• [Collected data]
__________
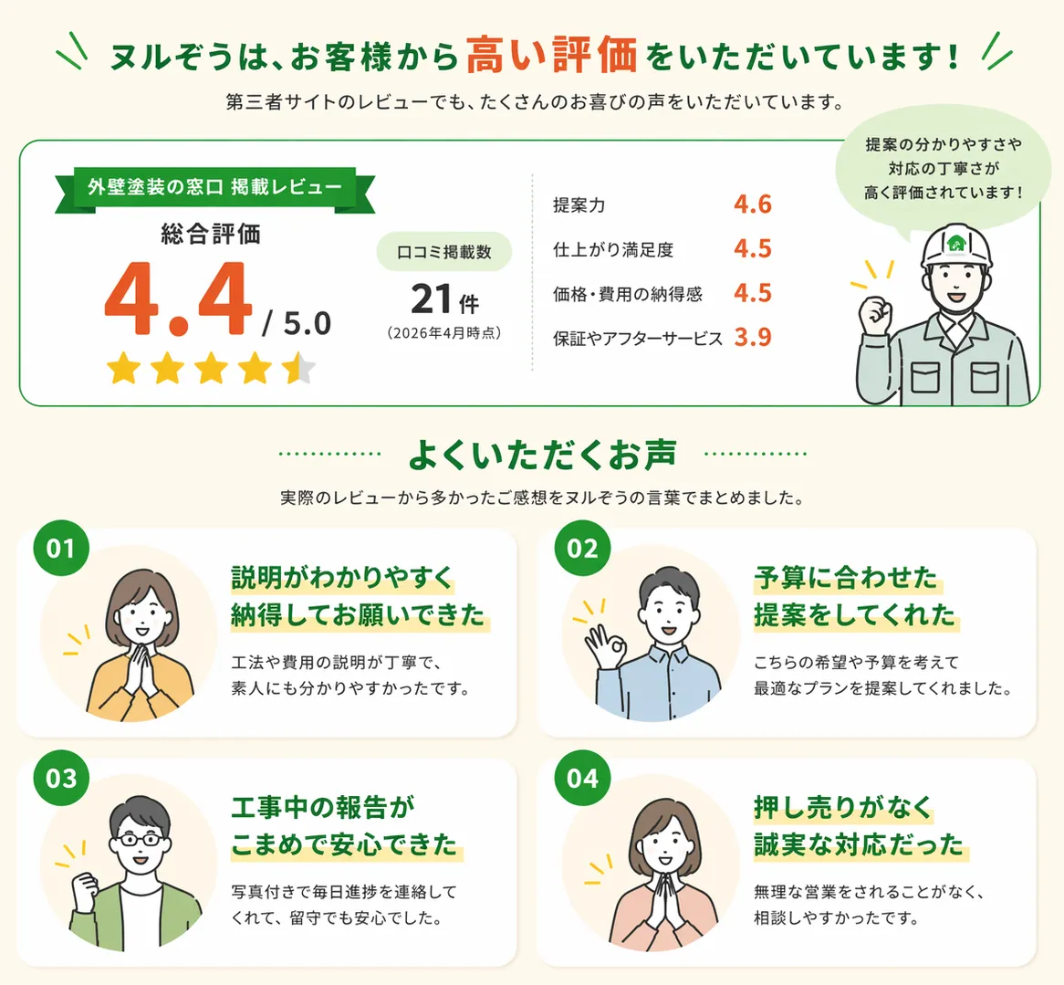 また、お客様に不必要な施工を提示することもありません。必要ないものは必要ないとちゃんとご提示致しますのでご安心ください。
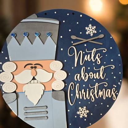 Celebrate your love for the season with this charming “Nuts about Christmas” nutcracker sign. A whimsical nutcracker in soft blues and grays stands against a deep navy background sprinkled with snow, while the elegant script text “Nuts about Christmas” fills the other side. Crossed nutcracker sticks and delicate snowflakes complete the playful, storybook look.
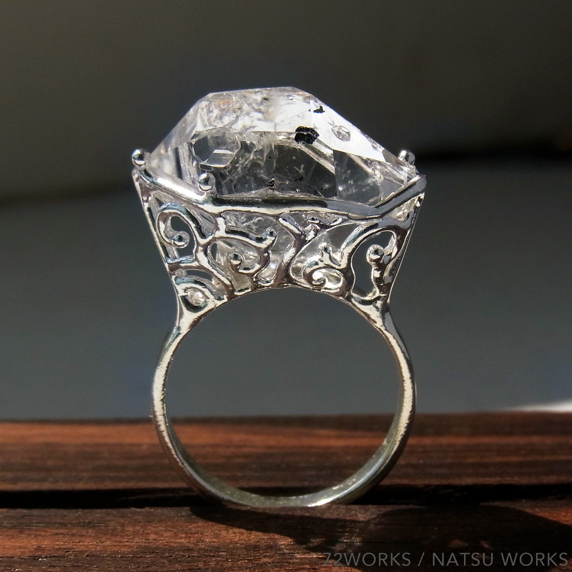アメリカにて仕入れた大粒のハーキマー・ダイヤモンドを使用したリング。
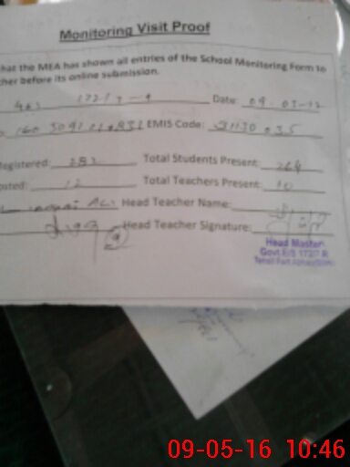 | Attendance Register | Head Teacher | MEA with School | Visit Proof |
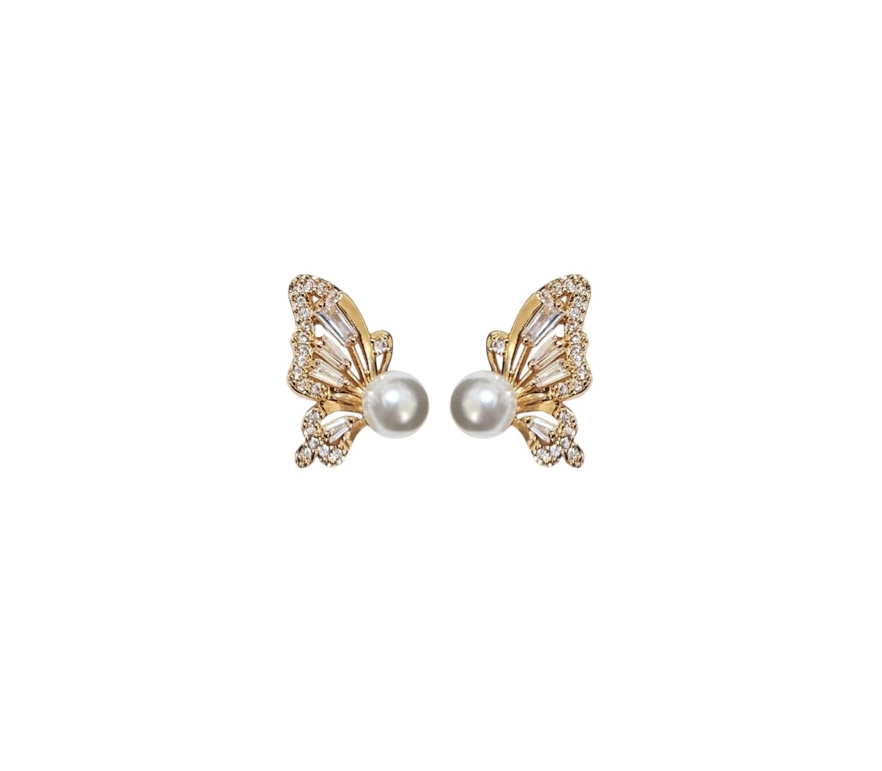 BRINCO BORBOLETA COM PÉROLA BANHADO A OURO
__________
• [GOAL OF THE EXERCISE] Output each line of the records exactly. Any picture is skipped.

• [WRITTEN ANSWER]
 また、お客様に不必要な施工を提示することもありません。必要ないものは必要ないとちゃんとご提示致しますのでご安心ください。
 Celebrate your love for the season with this charming “Nuts about Christmas” nutcracker sign. A whimsical nutcracker in soft blues and grays stands against a deep navy background sprinkled with snow, while the elegant script text “Nuts about Christmas” fills the other side. Crossed nutcracker sticks and delicate snowflakes complete the playful, storybook look.
アメリカにて仕入れた大粒のハーキマー・ダイヤモンドを使用したリング。
 | Attendance Register | Head Teacher | MEA with School | Visit Proof |
 BRINCO BORBOLETA COM PÉROLA BANHADO A OURO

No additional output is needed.